Почти в самом начале 1930 года в уме нуждающегося врача из пригорода — материальные затруднения и профессиональный страх по-прежнему не отпускали его — возникает замысел совсем новой деятельности; по поводу этой деятельности я получил от него среди всех признаний, которые имеют честь в моем тексте быть выделены кавычками, и следующее, весьма важное: «В то время была мода на популистов, в том числе и на Даби, которого я немного знал… и я тоже решил попробовать! В 1932 году я взял, чтобы меня никто не засек, одно из имен моей матери, Селина[3]

„Путешествие…“, клянусь в этом, было написано со страхом и стыдом, без всякого литературного призвания… Деноэль взял его… я рассчитывал, что по выходе книги никто не узнает меня под женским псевдонимом… что я смогу расплатиться за квартиру, и все тут! И кто знает? Купить себе комнатенку!»

Во время обсуждения кандидатур на Гонкуровскую премию тремя защитниками «Путешествия на край ночи» выступили Жан Ажальбер, Люсьен Декав, а главное — Леон Додэ. Мы уже были обязаны последнему его такими современными, такими действенными выступлениями в поддержку Марселя Пруста и Бернаноса, что борьба Додэ за Селина, как нам казалось, возвещает сразу и литературное открытие, и великодушное влияние. Селин не только не был расположен расточать улыбки, отвешивать поклоны, говорить пошлости, подобно другим домогающимся премии кандидатам, он презирал собственно литературный успех. Усилились приступы отчаяния, которые охватывали Селина все чаще, и его неистовые заклинания: «Заниматься медициной стало невозможно. Писаниной тоже!»

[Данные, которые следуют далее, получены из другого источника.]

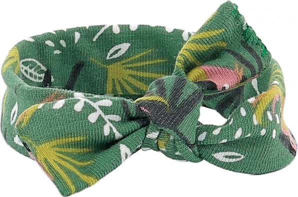 Das Textil-Haarband mit tropischem Druck und Knoten hält die Form und passt wunderbar zu den übrigen Stücken.
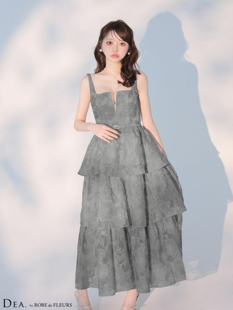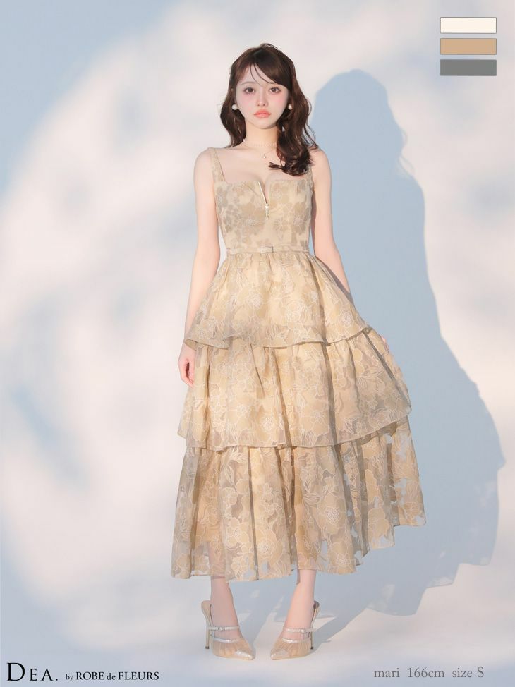 動いても美しい1着♡ [DEA.byROBEdeFLEURS/ディアバイローブドフルール] 高級 ブランド ワンピース Aラインロングドレス キャミソール ジップ ウエストベルト フラワー ティアードフリル オーガンジー

Однако в своем первом, но мастерском произведении Селин раскрылся как очень сильный рассказчик, истинный визионер, а в своих удивительных лирических словоизвержениях — как стилист!

Тот и апокалипсический, и шутовской взгляд, который, кажется, он бросает на жизнь и людей, нисколько не мешает ему рисовать их с такой силой и четкостью, словно бы он являлся объективным, невозмутимым созерцателем. Что же касается его преувеличений сатирика, размахивающего не просто хлыстом, а неким кнутом со свинцом на конце и хлещущим до крови, то разве можно обвинять его в крайностях, злиться на их безупречную меткость или справедливость, в то время как мы уже давно больше не упрекаем Марцинала, Ювенала, Аретино или Виктора Гюго за их непристойные преувеличения? Мы не поняли, что его герой Бардамю мог бы сказать о своем врачебном кабинете то же, что Барбе д'Оревильи писал о своей вере: «Это весьма удобный балкон, чтобы плевать с него на своих современников». Что же до определенной традиции, дарующей божественной резкости гения права на грубости и непристойности, то Селин явно даже и не вспоминал о ней.

Селину часто случалось в жутких монологах представлять себе, что «уже много лет его тысячами всевозможных способов обливают грязью, оскорбляют, преследуют, травят, давят…»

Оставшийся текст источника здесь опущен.